According to Lumor, as of October 31, 2014, the total judgment against the Government of Belize stood at roughly $2.5 million, and for every day that Janae is not paid, interest accrues at $128.08.
Lumor said that while they are pursuing the Government for the full settlement awarded by the CCJ, the court, in dismissing Meenavalli’s appeal, awarded the Matute’s costs of about $110,000. He said that they are currently in talks with Meenavalli’s attorney, Godfrey Smith, SC, to seek settlement of that award for costs.
Lumor publicly apologized to Janae and her mother today for not pursuing the matter more aggressively, because, Lumor said, he took the Government at its word when they said that they would attend to Janae’s payment. He continues to appeal to the Government of Belize to take steps to fulfill its obligation to Janae.
According to Lumor, the Government lawyer, Hawke, had said numerous times that Government would work out payments over a period of time, and the family agreed that that arrangement would be fine.
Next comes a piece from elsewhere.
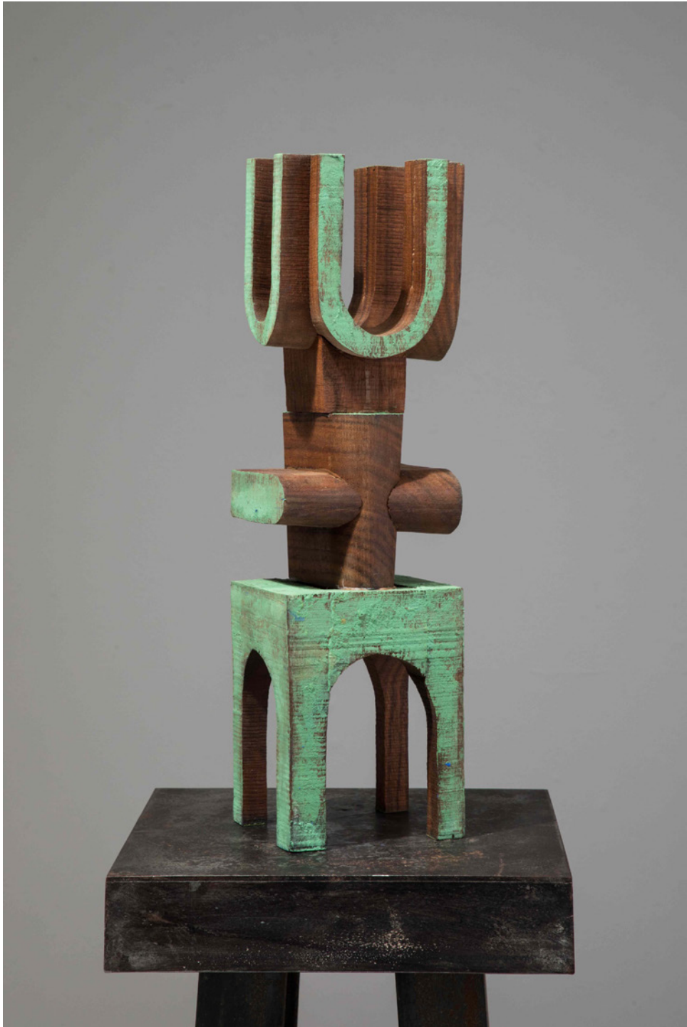
Green Tower , 2016 mahogany and Japan color 15 1/2 x 4 x 4 1/2 in 39.4 x 10.2 x 11.4 cm (KEN7545)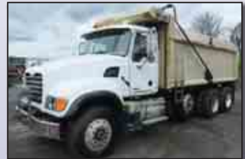
'05 MACK CV713 GRANITE

2005 MACK Model CV713 Granite Tri-Axle Dump Truck , powered by Mack ASET 370, 370HP diesel engine and Maxitorque ES, T310, 10 speed transmission, equipped with 15'6" steel dump body with power tarp and chute, 2-spool plow hydraulics, rear spreader electrics, 2-stage engine brake, camelback suspension, aluminum wheels, cruise control, air conditioning, 315/80R22.5 front and lift tires, and 11R24.5 rear tires. In good condition with very good tires. (Odometer Reads 513,761 Miles) (Meter Reads 25,167 Hours) (Unit# CR30)

Today, we were unable to reach the Financial Secretary when we called his office in Belmopan, but we did get to speak with his deputy, Marion Palacio, who told us that the Ministry remains committed to settling the matter. He said that there had been discussions about working out a payment schedule for Janae. According to Palacio, although that payment “may not be before Christmas,” it is “imminent.”
Lumor explained that any payment arrangement and any monies disbursed to the child have to be approved by the Supreme Court, and any expenditure incurred on behalf of the child by her mother has to be approved by a judge of the court before that disbursement can be made.
“Since this is the season, as the government loves to say, everybody ought to be in Christmas cheer; I am only hoping that they would put Janae and the mother in the position where they could also enjoy that cheer,” said Lumor.
“Roll it this way, nuh!” Matute concurred.
Matute and Lumor also make a public appeal to Special Envoy for Women and Children, Kim Simplis Barrow, the Prime Minister’s wife, who plays a very influential role in government initiatives for the disabled. They call on her to help ensure that Janae gets the financial award due to her.
“Please, we need the help,” said Matute, who told the press that her worst nightmare of not being able to carry her child alone to take care of her daily needs – such as bathing her, have come to fruition, since Janae is now a fully grown young lady whose weight is more than average due to her condition, despite the fact that the girl is slim-built.
Matute quit her government job to take care of her child. She was also awarded a portion of the $2.5 million as special and general damages amounting to roughly $800,000. Janae’s award includes $240,000 for three vehicles during her lifetime, $180,000 as loss of future earnings (the Court of Appeal had reduced the figure from $708,203 to this figure), $170,000 for future accommodations, and $227,000 for future caregivers. Janae’s award totals $1.5 million.
Her mother hopes that the funds could be used to finance therapy to make life more livable for her daughter. She said that medical experts had told her that ages 0 to 5 were the most critical years for therapy, but she remains hopeful.